*Data section*
———
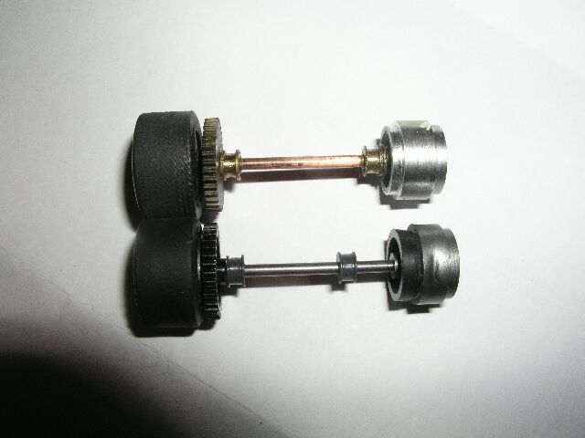 la photo est plus parlante,en haut axe avec roues et pneus d'origine et en bas roues rectifiées et pneu Ninco, on voit la rectification en noir sur la roue droite.
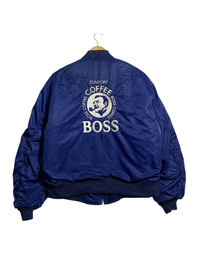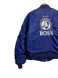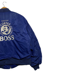 🔥BOSS SUNTORY COFFEE BOMBER JACKETS SIZE L MADE IN JAPAN 🇯🇵 COLOUR BLUE CONDITIONS VERY WORN -HEM CUFF GOT BIT DEFECTS REF PHOTO CODE: GK54
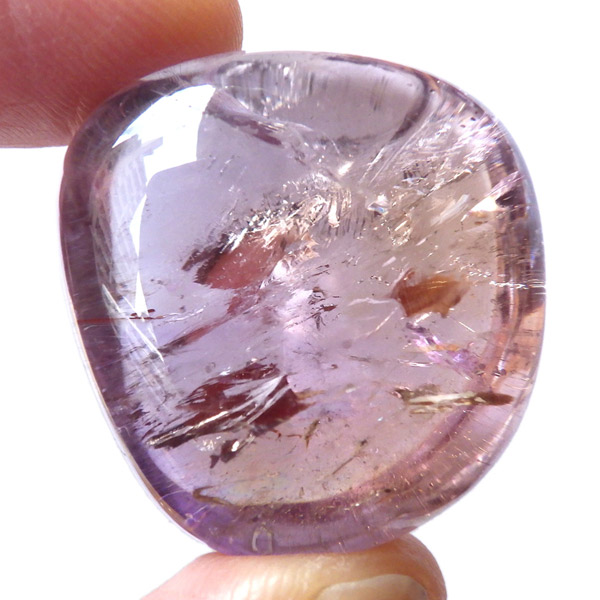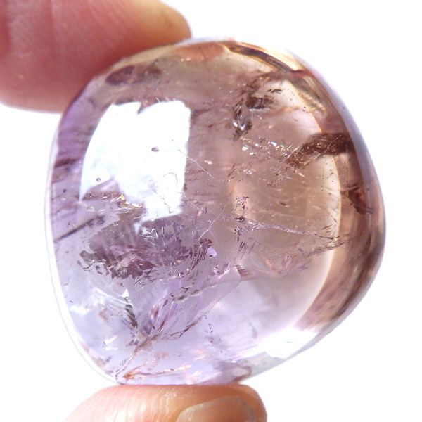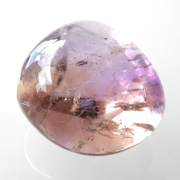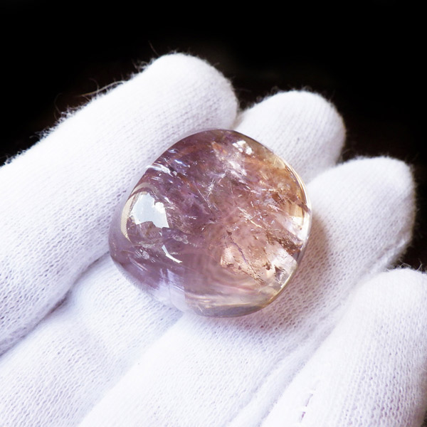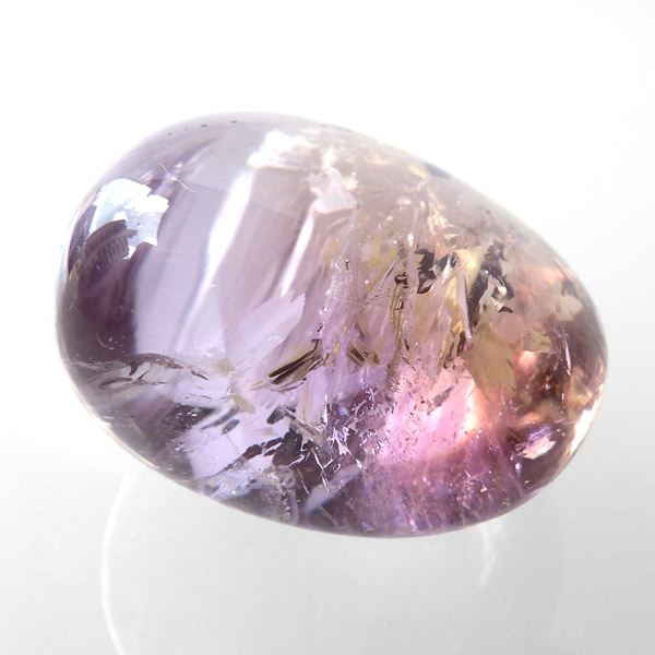 ボリビア産のAAAアメトリン、タンブルです。アメトリンはアメジストとシトリンが混ざり合った石です。天然のアメトリンは極々限定された条件下でしか生成されません。透明度も抜群で、濃いアメジストとシトリンのカラーが大変美しいです。水晶の透明部分も見られ、透明~パープル~イエロー~へのグラデーションは、まさに息を飲むほど美しいです。また、アメトリンを照らす光の種類や、タンブルの角度によって、濃く見えたり薄く見えたり、青っぽく見えたり赤っぽく見えたり、見ていて飽きることがありません。アメジストとシトリンの二つの顔を併せ持った魅力的な水晶です。
———
*Your task*
Could you transcribe all of the data exactly, keeping every picture out of the copy?

*Solution*
 la photo est plus parlante,en haut axe avec roues et pneus d'origine et en bas roues rectifiées et pneu Ninco, on voit la rectification en noir sur la roue droite.
 🔥BOSS SUNTORY COFFEE BOMBER JACKETS SIZE L MADE IN JAPAN 🇯🇵 COLOUR BLUE CONDITIONS VERY WORN -HEM CUFF GOT BIT DEFECTS REF PHOTO CODE: GK54
 ボリビア産のAAAアメトリン、タンブルです。アメトリンはアメジストとシトリンが混ざり合った石です。天然のアメトリンは極々限定された条件下でしか生成されません。透明度も抜群で、濃いアメジストとシトリンのカラーが大変美しいです。水晶の透明部分も見られ、透明~パープル~イエロー~へのグラデーションは、まさに息を飲むほど美しいです。また、アメトリンを照らす光の種類や、タンブルの角度によって、濃く見えたり薄く見えたり、青っぽく見えたり赤っぽく見えたり、見ていて飽きることがありません。アメジストとシトリンの二つの顔を併せ持った魅力的な水晶です。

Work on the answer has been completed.